◆ Dataset extract:
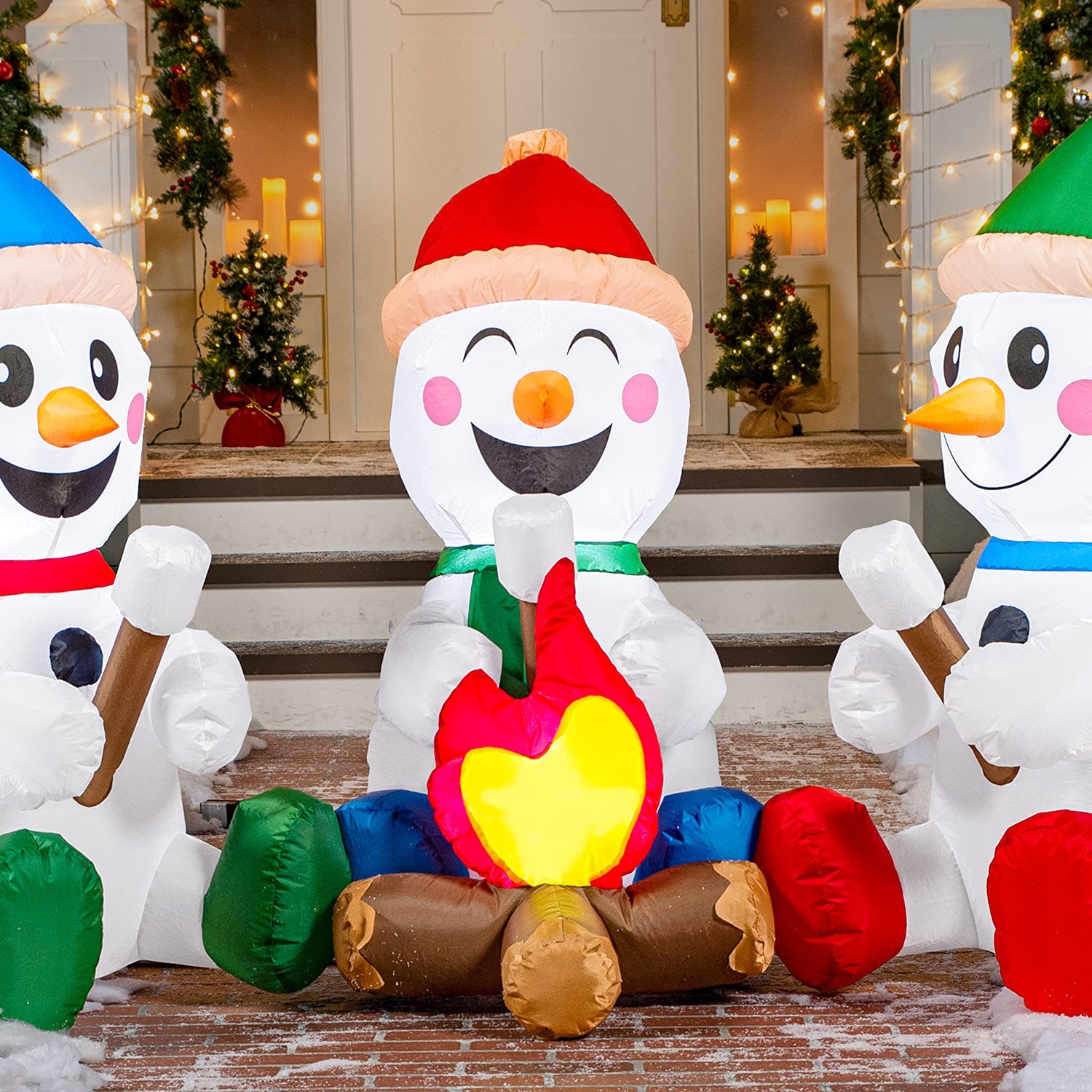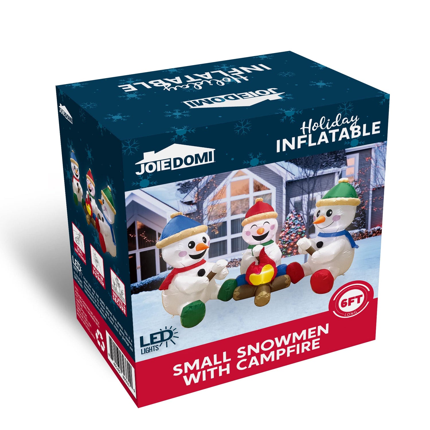 - FESTIVE DESIGN. Joiedomi 6 feet Long Small Snowmen with Campfire Christmas Inflatable inflatable comes with an extended cord, ground stakes, fastened ropes, built-in sandbags, and a plug with UL certification.
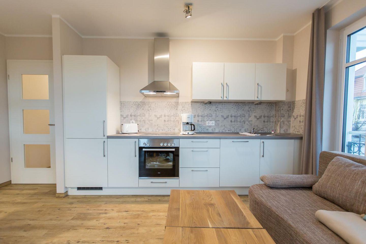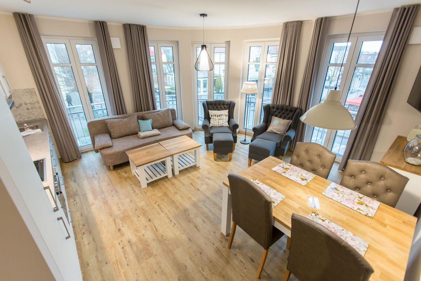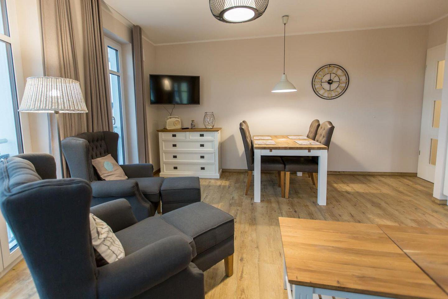 Modernes 3-Zimmer-Apartment im Herzen von Kühlungsborn mit Balkon und Sauna, ideal für entspannte Ostseeferien.
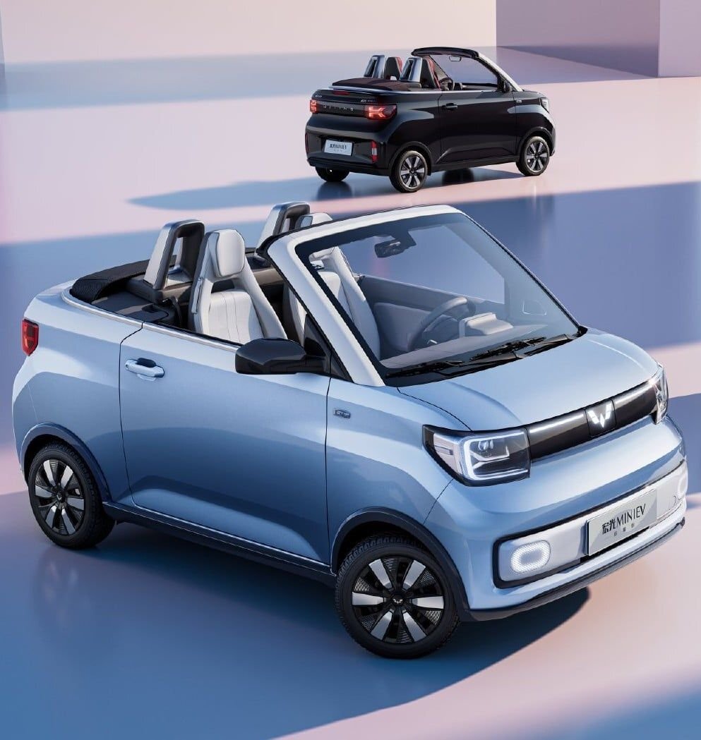 Наконец-то появился долгожданный Wuling Mini EV Cabrio. Это, наверное, самая крутая китайская машина года, а может, и десятилетия. Wuling заслуживает большой похвалы за смелость и дальновидность, чтобы вывести на рынок такой автомобиль. Wuling предназначен для молодых людей, живущих в солнечных местах. В нем всего два места по сравнению с четырехместной версией хэтчбека . Но за потерю дополнительного пространства вы получаете трансформируемую мягкую крышу, которая полностью убирается в багажник. За сиденьями есть дуги безопасности для дополнительной защиты, и они тоже выглядят круто. EV Cabrio выпускается только в трех цветах: морской синий, изумрудный и современный черный. Позже Wuling добавит дополнительные цвета. Передняя стойка окрашена в серый матовый цвет. Кабриолетная крыша стандартно черная или опционально красная. Это отличный дизайн, позволяющий без проблем перейти с хэтчбека на кабриолет. Кажется, что Mini EV с самого начала разрабатывался как кабриолет. Wuling Mini EV Cabri
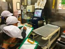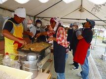 「ぎょうざ」は、宇都宮ぎょうざが有名で、皆さんもよく食べる料理だと思いますが、もともとは中国の料理です。その歴史はとても古く、中国の紀元前の遺跡からも、ぎょうざらしきものが見つかっているそうです。今日のぎょうざは、栃木県産のニラを使って作ったものです。にらも、栃木県で有名な食材ですね。焼きそばは、大きな回転釜というお鍋で作っています。量が多いので、混ぜるのにも力が必要ですが、皆さんがよろこぶ笑顔を思い浮かべながら作っています。
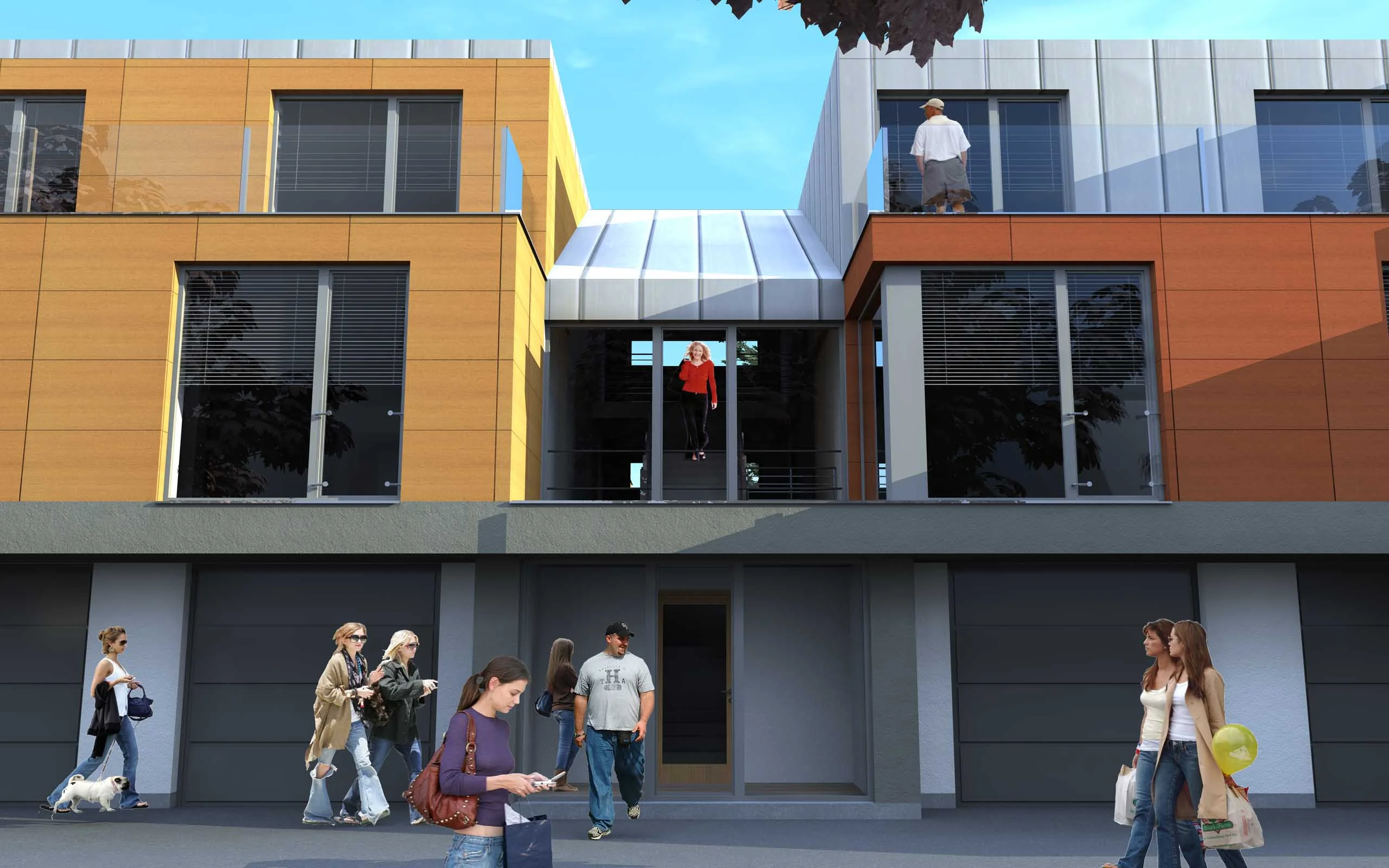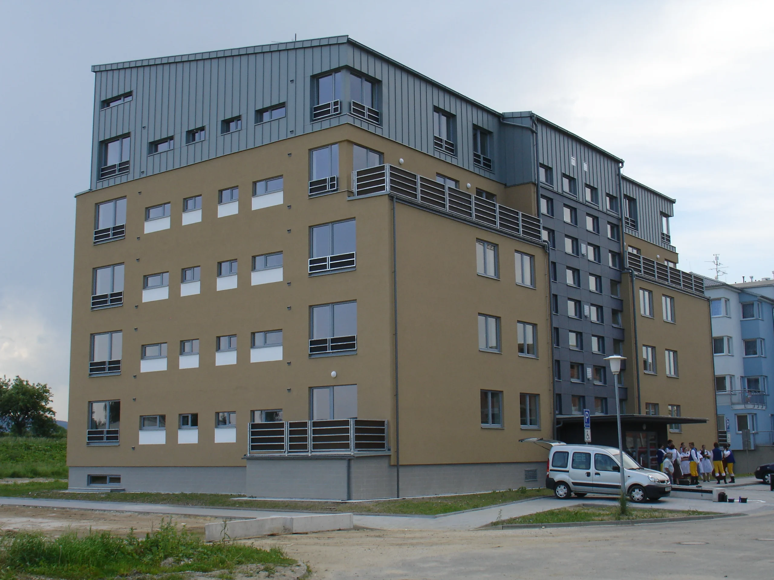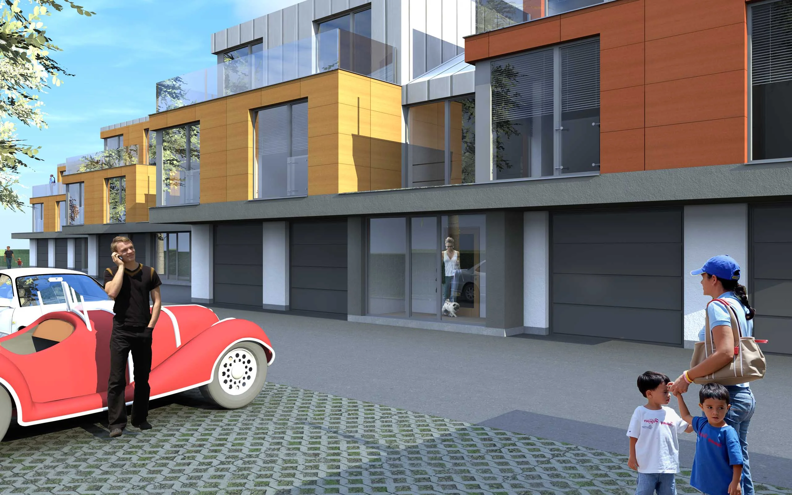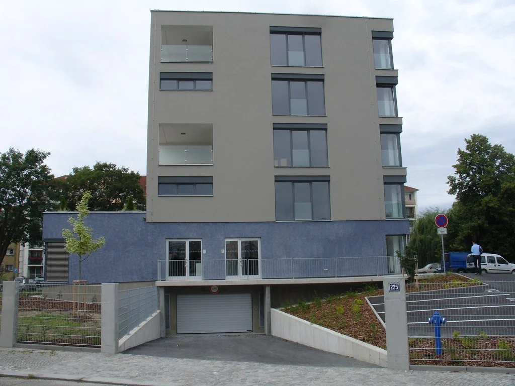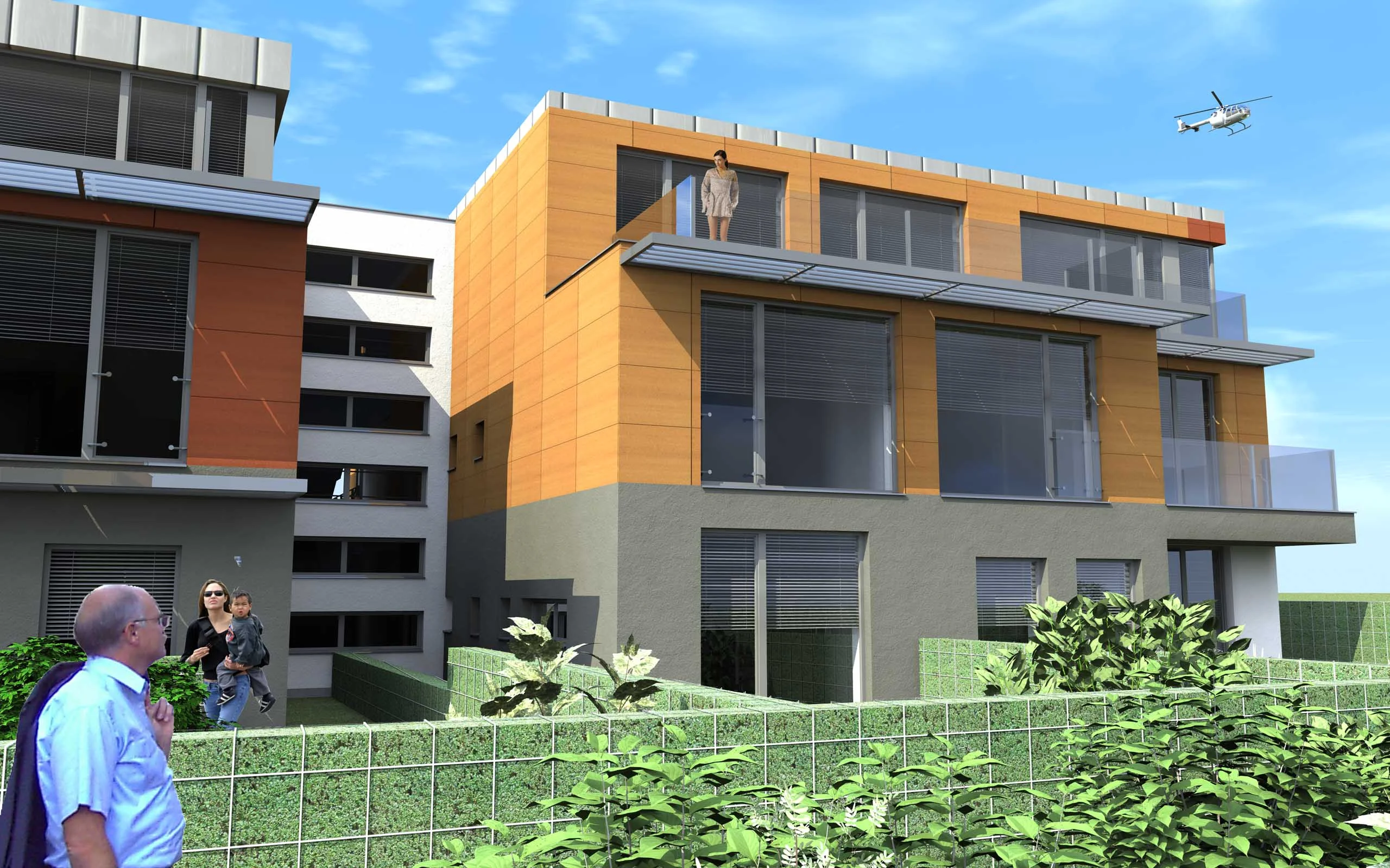 Dům uprostřed relativně nové části města na místě demolované nevyužívané stavby někdejších jeslí má zpevnit lokální urbánní strukturu a poskytnout nadstandardní bydlení vč. garáží v suterénu a pronajimatelných firemních prostor v přízemní podnoži.

◆ Exercise prompt: When you write out the material above, keep every line exact and drop each picture.

◆ Solution to this exercise:
 - FESTIVE DESIGN. Joiedomi 6 feet Long Small Snowmen with Campfire Christmas Inflatable inflatable comes with an extended cord, ground stakes, fastened ropes, built-in sandbags, and a plug with UL certification.
 Modernes 3-Zimmer-Apartment im Herzen von Kühlungsborn mit Balkon und Sauna, ideal für entspannte Ostseeferien.
 Наконец-то появился долгожданный Wuling Mini EV Cabrio. Это, наверное, самая крутая китайская машина года, а может, и десятилетия. Wuling заслуживает большой похвалы за смелость и дальновидность, чтобы вывести на рынок такой автомобиль. Wuling предназначен для молодых людей, живущих в солнечных местах. В нем всего два места по сравнению с четырехместной версией хэтчбека . Но за потерю дополнительного пространства вы получаете трансформируемую мягкую крышу, которая полностью убирается в багажник. За сиденьями есть дуги безопасности для дополнительной защиты, и они тоже выглядят круто. EV Cabrio выпускается только в трех цветах: морской синий, изумрудный и современный черный. Позже Wuling добавит дополнительные цвета. Передняя стойка окрашена в серый матовый цвет. Кабриолетная крыша стандартно черная или опционально красная. Это отличный дизайн, позволяющий без проблем перейти с хэтчбека на кабриолет. Кажется, что Mini EV с самого начала разрабатывался как кабриолет. Wuling Mini EV Cabri
 「ぎょうざ」は、宇都宮ぎょうざが有名で、皆さんもよく食べる料理だと思いますが、もともとは中国の料理です。その歴史はとても古く、中国の紀元前の遺跡からも、ぎょうざらしきものが見つかっているそうです。今日のぎょうざは、栃木県産のニラを使って作ったものです。にらも、栃木県で有名な食材ですね。焼きそばは、大きな回転釜というお鍋で作っています。量が多いので、混ぜるのにも力が必要ですが、皆さんがよろこぶ笑顔を思い浮かべながら作っています。
 Dům uprostřed relativně nové části města na místě demolované nevyužívané stavby někdejších jeslí má zpevnit lokální urbánní strukturu a poskytnout nadstandardní bydlení vč. garáží v suterénu a pronajimatelných firemních prostor v přízemní podnoži.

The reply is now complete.